To show how this works, when I create document I need to work on, I first share it to my other google accounts so I can access it in any account. (I don’t do this with everything, just the things I am pretty sure I may be working on remotely) If it is for a class, I place it in a folder that is shared with all the students in the class so they have access to it and they can also add what they have created to share. The same applies if it is for a group, such as a JALT SIG or chapter. I also use this system for student seminar papers, and Google Drive allows synchronous chat and simultaneous editing, so it is possible to watch what a student is writing and be able to guide him or her as they are composing.

Doing this with students is a bit of a hassle, cause teaching a new group of students these points all over again can be strangely frustrating. I say strangely because the whole idea of teaching in an institutional setting is that you are teaching groups of students who move on, so we should be used to that, but when it comes to technology, that ability to understand that we may have to teach the same thing again and again doesn’t really happen as often as it should.

In an article about Neil Postman, co-author of Teaching as a Subversive Activity, a particular favorite of mine, there was this:

“There’s this kind of dialogue around technology where people dump on each other for ‘not getting it,’” Lanier says. “Postman does not seem to be vulnerable to that accusation: He was old-fashioned but he really transcended that. I don’t remember him saying, ‘When I was a kid, things were better.’ He called on fundamental arguments in very broad terms – the broad arc of human history and ethics.”
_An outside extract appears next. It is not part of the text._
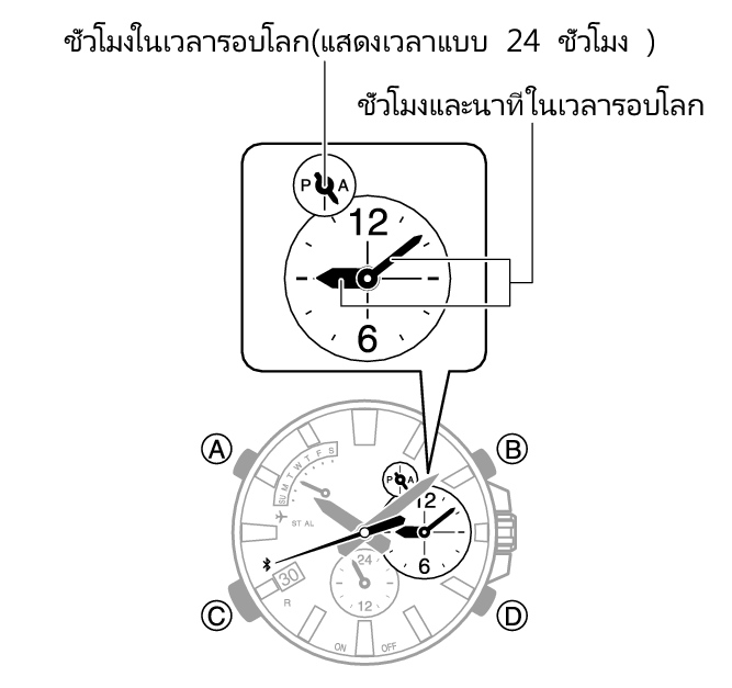 - ในโหมดปฏิทิน คุณสามารถตรวจสอบเวลารอบโลก โดยดูที่เข็มชั่วโมงสั้นและเข็มนาทีได้

I suspect that none of the things I have set out in this post is new to anyone who would visit a place called Digital Mobile Language Learning. And I’m sure a lot of us have gradually let go of this metaphor as we use cloud applications. However, if the person you are teaching or working with doesn’t have this understanding, your possibilities for collaboration are restricted and you are tied to the understanding of the person you are sharing it with. Using technology is not simply a matter of understanding it individually, it is our collective understanding of the tools. So the next time some technological collaboration doesn’t seem to be going as well as it should, consider discussing how they are thinking of their files. You might be surprised.